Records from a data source
==========

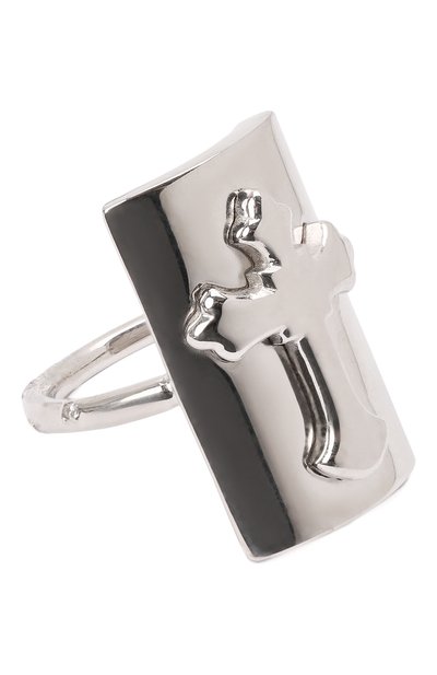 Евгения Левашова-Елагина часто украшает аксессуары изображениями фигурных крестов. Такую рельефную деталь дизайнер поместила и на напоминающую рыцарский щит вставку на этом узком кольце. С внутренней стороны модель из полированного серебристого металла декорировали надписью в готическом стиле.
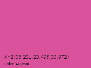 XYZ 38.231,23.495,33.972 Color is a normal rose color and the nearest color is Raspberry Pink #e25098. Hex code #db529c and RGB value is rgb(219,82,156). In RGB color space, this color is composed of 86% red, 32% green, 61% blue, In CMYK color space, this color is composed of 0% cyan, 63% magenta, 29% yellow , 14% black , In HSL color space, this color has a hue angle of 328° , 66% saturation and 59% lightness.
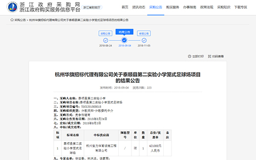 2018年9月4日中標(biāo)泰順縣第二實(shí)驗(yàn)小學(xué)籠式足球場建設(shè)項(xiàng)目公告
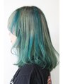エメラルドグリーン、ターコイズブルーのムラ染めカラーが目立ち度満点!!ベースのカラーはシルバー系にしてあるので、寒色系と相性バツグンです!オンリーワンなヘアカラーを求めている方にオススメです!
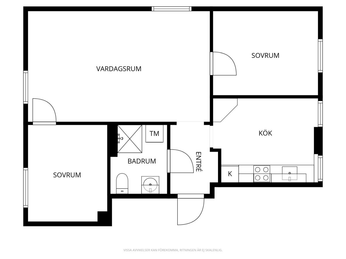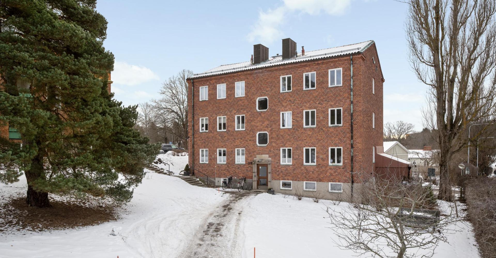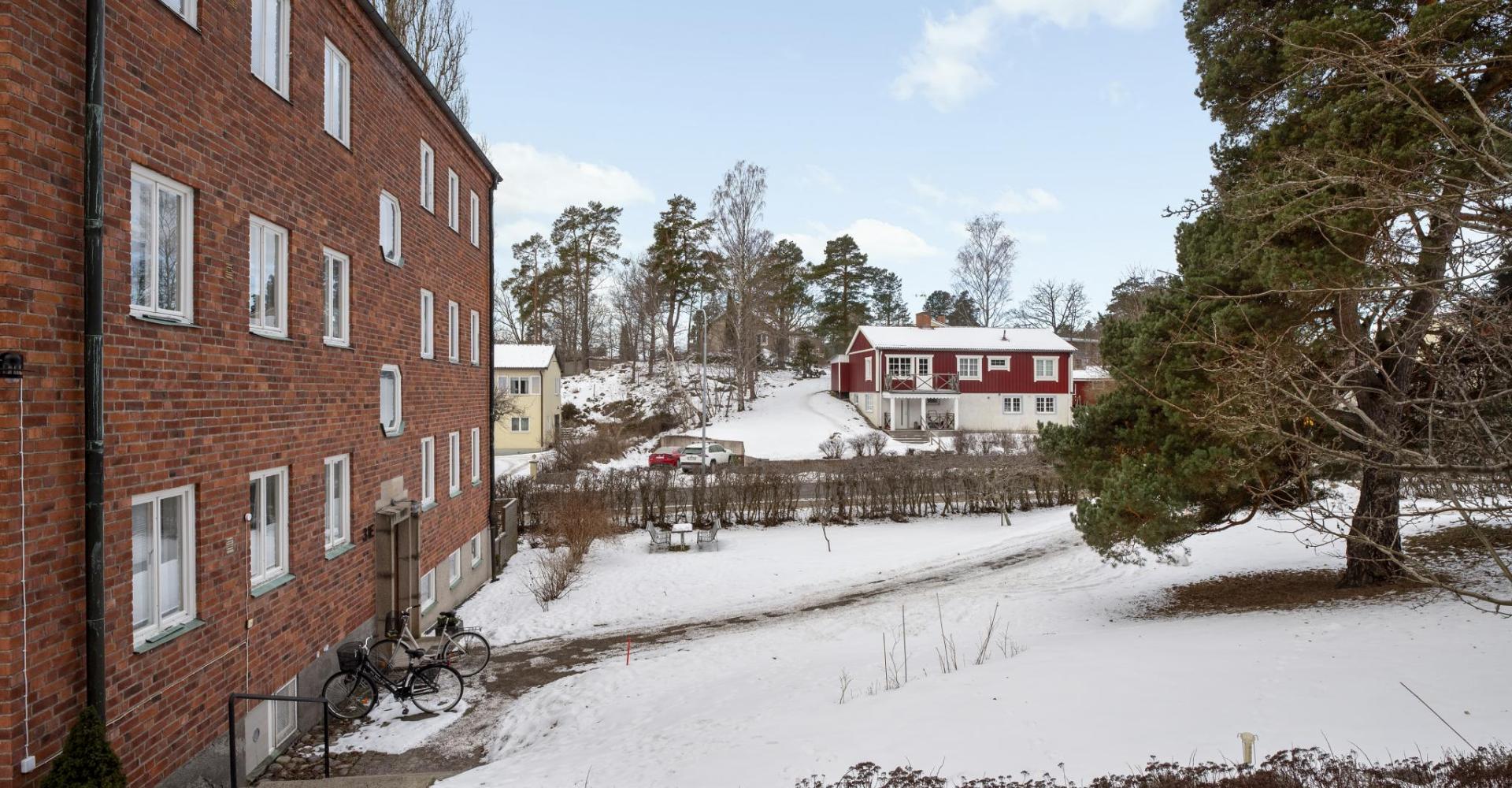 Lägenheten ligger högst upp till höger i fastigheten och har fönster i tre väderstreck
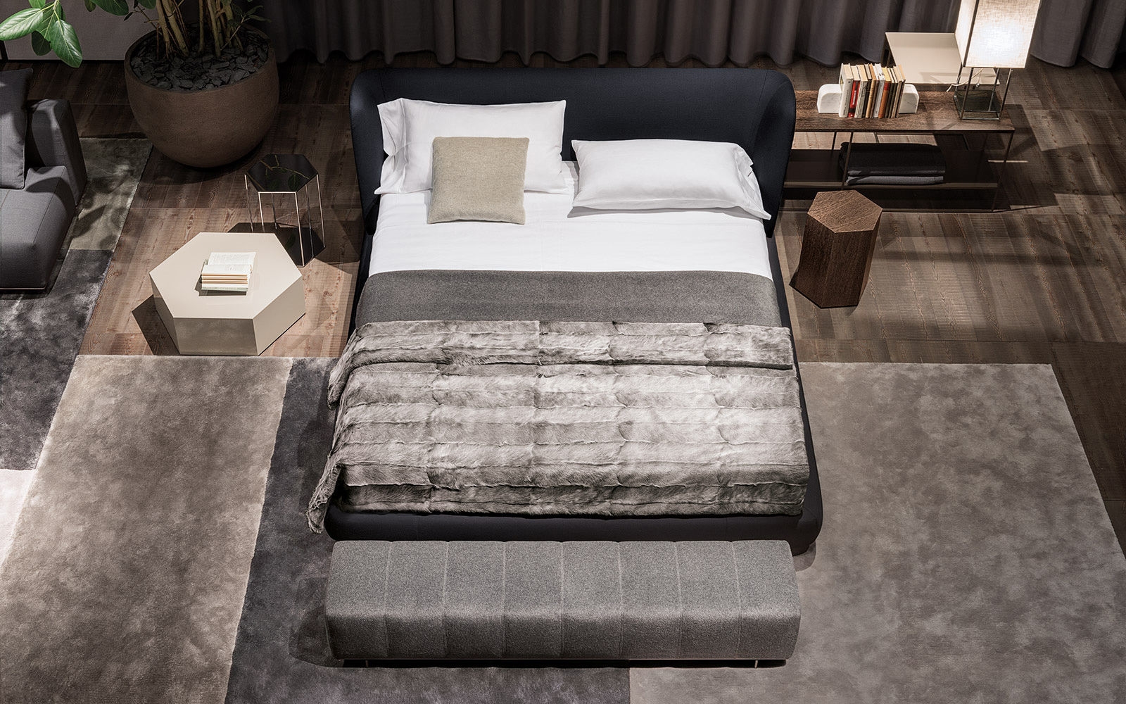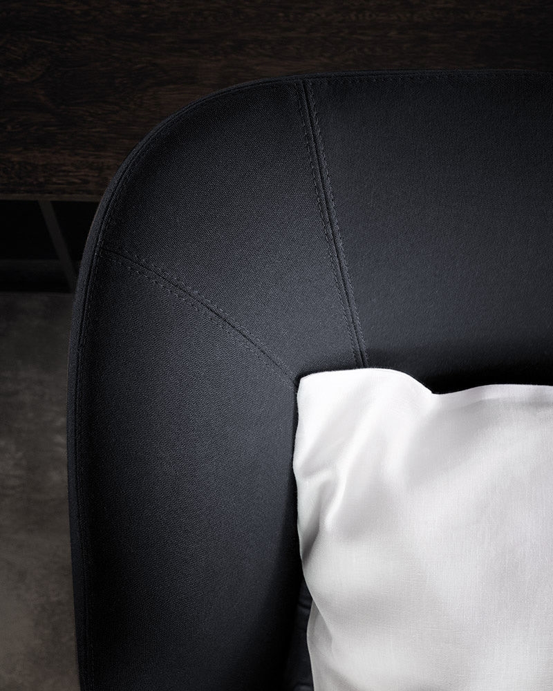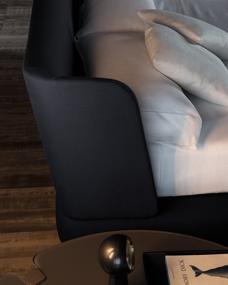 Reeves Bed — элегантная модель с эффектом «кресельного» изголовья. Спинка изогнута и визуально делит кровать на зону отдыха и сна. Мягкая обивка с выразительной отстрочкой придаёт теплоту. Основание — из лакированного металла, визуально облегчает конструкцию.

==========

**Task description**
Give again, exactly as written above, every line from the one holding "XYZ 38.231,23.495,33.972 Color" to the one holding "2018年9月4日中標(bi", with both ends kept and the pictures left out.

**Written reply**
 XYZ 38.231,23.495,33.972 Color is a normal rose color and the nearest color is Raspberry Pink #e25098. Hex code #db529c and RGB value is rgb(219,82,156). In RGB color space, this color is composed of 86% red, 32% green, 61% blue, In CMYK color space, this color is composed of 0% cyan, 63% magenta, 29% yellow , 14% black , In HSL color space, this color has a hue angle of 328° , 66% saturation and 59% lightness.
 2018年9月4日中標(biāo)泰順縣第二實(shí)驗(yàn)小學(xué)籠式足球場建設(shè)項(xiàng)目公告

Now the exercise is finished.